Citada regularmente (fl. 61), a Procuradoria-Geral do Estado declinou da defesa do ato impugnado, observando que o tema é de interesse exclusivamente local (fls. 104/106).

É a síntese do que consta dos autos.

O pedido deve ser julgado procedente.

O ato normativo ora impugnado viola o princípio da separação de poderes, previsto no art. 5º e no art. 47, II e XIV, da Constituição do Estado, aplicáveis aos Municípios por força do art. 144 da Carta Paulista.

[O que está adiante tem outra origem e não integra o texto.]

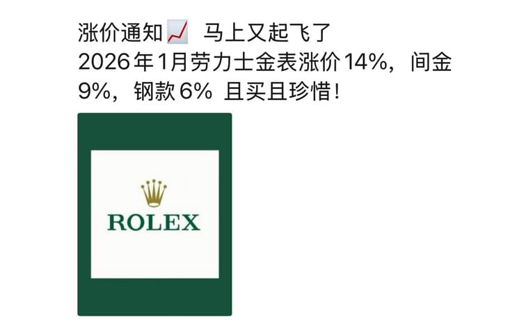 把视线转向亚洲,中国大陆市场虽然尚未有官方文件释出,但表友间已流传一份涨价预告,引发广泛讨论。传闻指出,2026年初中国市场的调整幅度可能比美国更为激进,全金款上看14%、半金约9%,钢表则在6%左右,即便这些数字仍待证实,但从结构来看,与美国市场的方向高度一致,贵金属承压最重,钢表则相对克制。
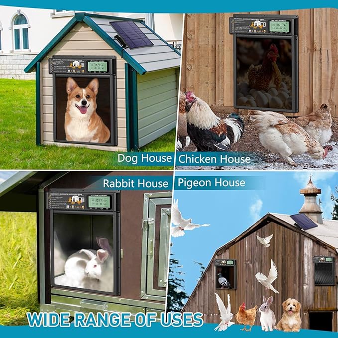 - 【Usage and precautions Dog Door】1) You need to measure your pet's height and width first to ensure that the door size is correct. 2) Before using the dog door, connect the solar panel first. Then, press the white switch on the back of the solar panel (the green light indicates normal power supply. After that, use the switch button on the automatic dog door or the remote control to test if the door opens and closes properly. If you need to power the dog door via USB, keep the USB cable connected at all times, as the dog door does not have a built-in battery. 3) Avoid direct sunlight.Use a cover or shade to protect the door from overheating,too much heat may cause damage and failure.
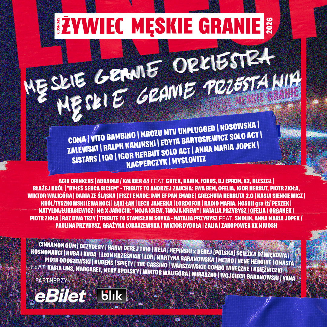 Sponsorowane przez markę Żywiec Męskie Granie przyzwyczaiło już fanów najlepszej polskiej muzyki do zapraszania na jedną scenę artystów z pozornie odległych muzycznych światów. Nie inaczej będzie w tym roku. W line-upie 17. edycji trasy Męskie Granie znalazło się aż 60 unikalnych muzycznych projektów. Nie zabraknie wielkich powrotów, tribute’ów, nieoczywistych muzycznych spotkań, jak i debiutantów, którzy po raz pierwszy będą mieli okazję zaprezentować się przed tak liczną publicznością. Z myślą o Męskim Graniu powstały m.in. projekty „Byłeś serca biciem” – Tribute to Andrzej Zaucha: Ewa Bem, Ofelia, Igor Herbut, Piotr Zioła, Wiktor Waligóra, a także Tribute to Stanisław Soyka – Natalia Przybysz Feat. Smolik, Anna Maria Jopek / Paulina Przybysz, Grażyna Łobaszewska. Na trasę powróci również legenda polskiego thrash metalu – Acid Drinkers, reaktywowany na Męskie Granie 2025 zespół Sistars oraz Igor Herbut z projektem, który zadebiutował podczas ubiegłorocznej edycji – tym razem w nowej odsłonie – Grechuta Herbuta 2.0. Zwieńczeniem piątkowych i sobotnich koncertów będą odpowiednio Męskie Granie Przestawia oraz Męskie Granie Orkiestra, których składy zostaną ujawnione niebawem.
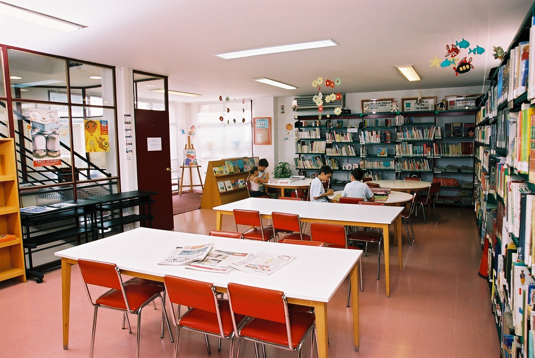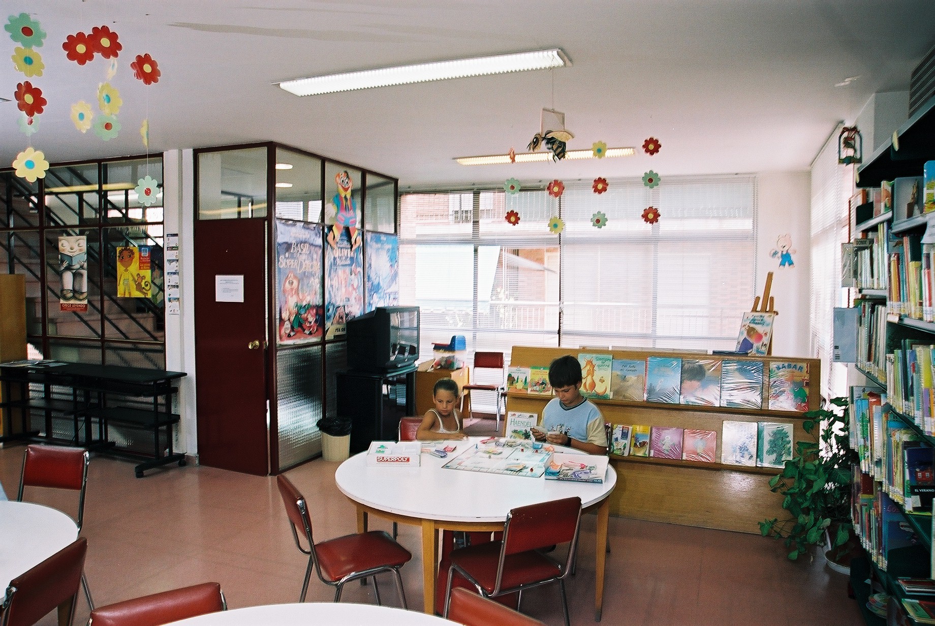 1.ª planta, Sección Infantil con el servicio de Préstamo al fondo (Fotos Carrión [Alcantarilla], 21-7-2003)
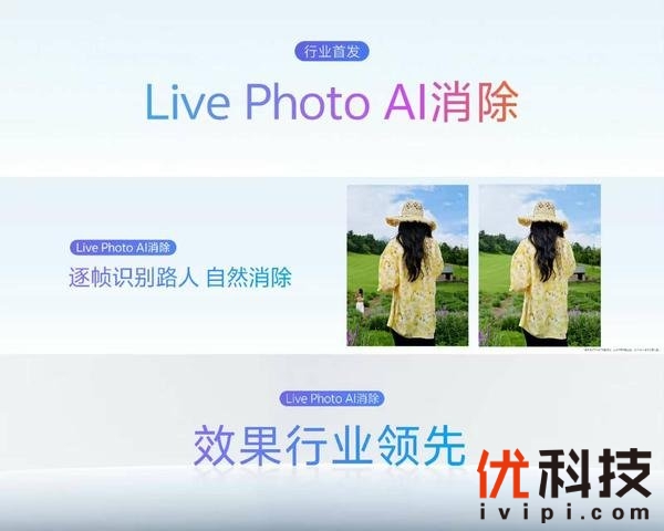 很多用户爱用Live Photo记录日常,因此vivo带来行业首发的 Live Photo AI 消除。它能智能圈选,逐帧识别路人、自然处理,让动态画面流畅无暇。为了让效果更自然,vivo自研Live Photo消除大模型,改善消除和填补过程中的常见痛点问题,整体效果行业领先。

A Lei Complementar nº 632, de 14 de agosto de 2012, do Município de Catanduva, que deu nova redação aos arts. 60 e 61, da Lei Complementar nº 127/1.999, alterando a composição do Conselho Fiscal e do Conselho Municipal de Previdência do Instituto de Previdência dos Municipários de Catanduva, tem a seguinte redação:

“Art. 1º - O artigo 60 da Lei Complementar nº 127, de 24 de setembro de 1999, passa a vigorar com a seguinte redação:

‘Art. 60 - O Conselho Fiscal do Instituto de Previdência das Municipiários de Catanduva - IPMC, será constituído de 7 (sete) membros efetivo, com no mínimo 3 (três) anos de contribuição junto ao Instituto de Previdência das Municipiários de Catanduva, sendo no mínimo 1 (um) representante dos inativas e pensionistas, escolhida entre os servidores efetivos inativos e pensionistas que se candidatarem e obtiver a melhor classificação. Senda que os candidatos efetivos ativos serão escolhidos pelos funcionários efetivos ativos"’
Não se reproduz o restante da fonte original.